What the exercise asks: Repeat, exactly as written, the lines from the one with "Gunda's combined living" to the final line of the listing, and keep every picture out.
BEGIN Supplied material
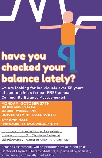 The second year DPT students will be conducting community balance assessments as part of the PT 623 course. Please share this opportunity with anyone you think might be interested and able to participate. The participant does not need to be able to walk, but should at least be able to stand for the assessments. Who: We are looking for 24 participants who are 55 years or older to take part in balance assessments. When: 10/27/2025 Where: University of Evansville Eykamp Hall 1800 Walnut Street Evansville, IN 47714 What: DPT students will complete balance testing and provide you with an exercise program and education to address any findings during the testing Time: Session 1 from 1:00-2:30 Session 2 from 2:30-4:00 Participants can contact me by email ck39@evansville.edu to seek further information or click here to sign up online |
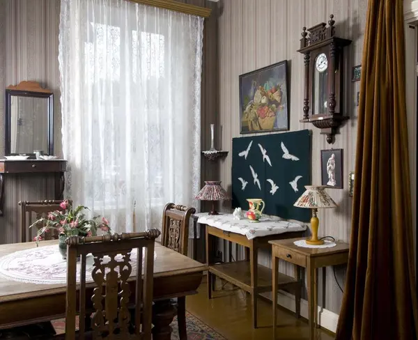 Gunda's combined living room and bedroom with plain and cheap furniture. Her divan is simply a bed of iron with a mattress and embroidered pillows. On the table the Bible she was given at Sunday school. The dining room furniture made of oak in late neo-renaissance was bought second hand at Gunda's wedding in 1924.
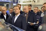 Председатель правительства России Владимир Путин (в центре) и президент России Дмитрий Медведев (справа) во время посещения Горьковского автомобильного завода (ГАЗ).
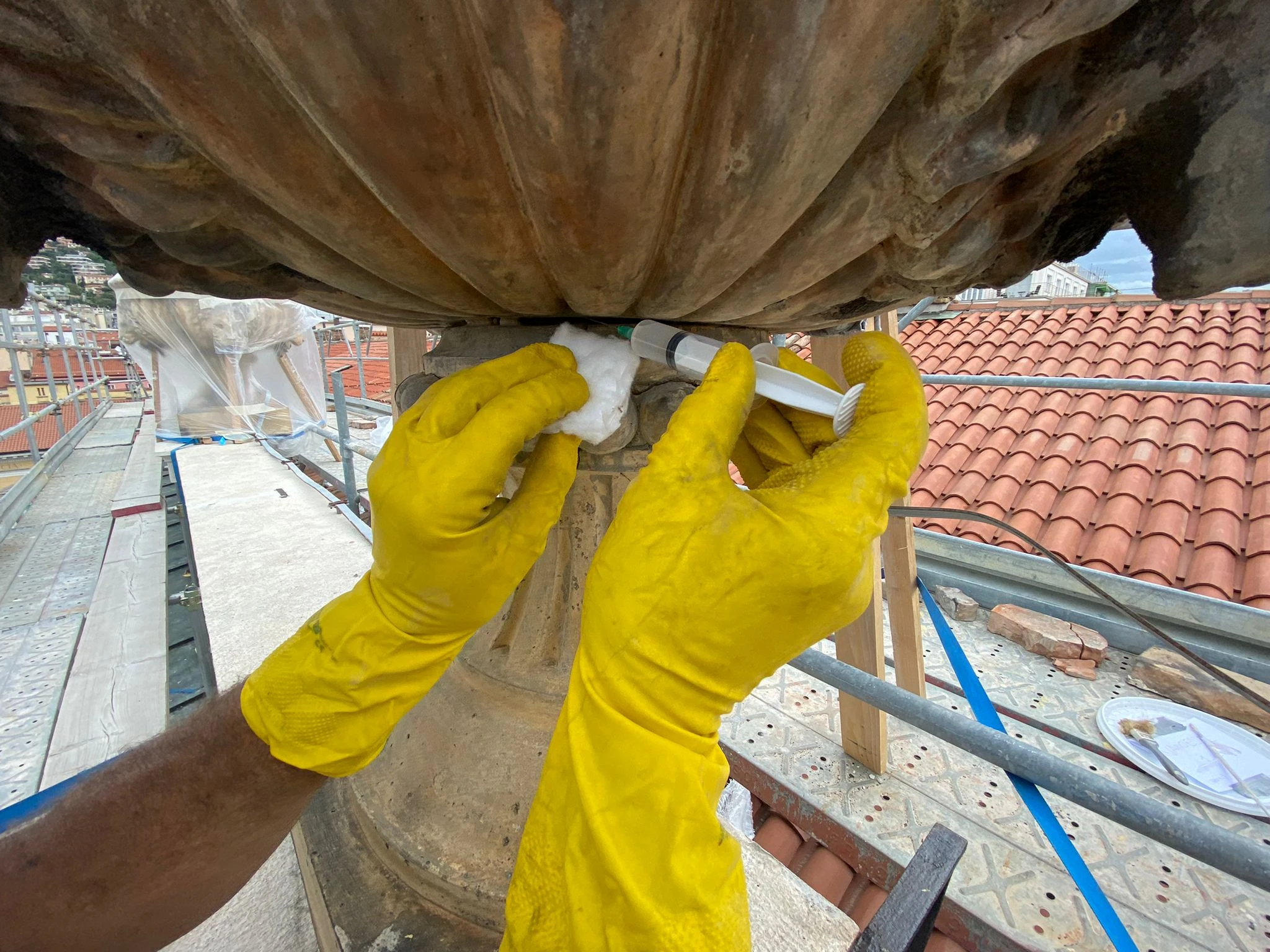 Applicazione di silicato di etile per il consolidamento superficiale e inserimento di perni in fibra di carbonio (15–20 cm) per ristabilire il collegamento tra intonaco, pietra e muratura sana.
END Supplied material
Written answer:
 Gunda's combined living room and bedroom with plain and cheap furniture. Her divan is simply a bed of iron with a mattress and embroidered pillows. On the table the Bible she was given at Sunday school. The dining room furniture made of oak in late neo-renaissance was bought second hand at Gunda's wedding in 1924.
 Председатель правительства России Владимир Путин (в центре) и президент России Дмитрий Медведев (справа) во время посещения Горьковского автомобильного завода (ГАЗ).
 Applicazione di silicato di etile per il consolidamento superficiale e inserimento di perni in fibra di carbonio (15–20 cm) per ristabilire il collegamento tra intonaco, pietra e muratura sana.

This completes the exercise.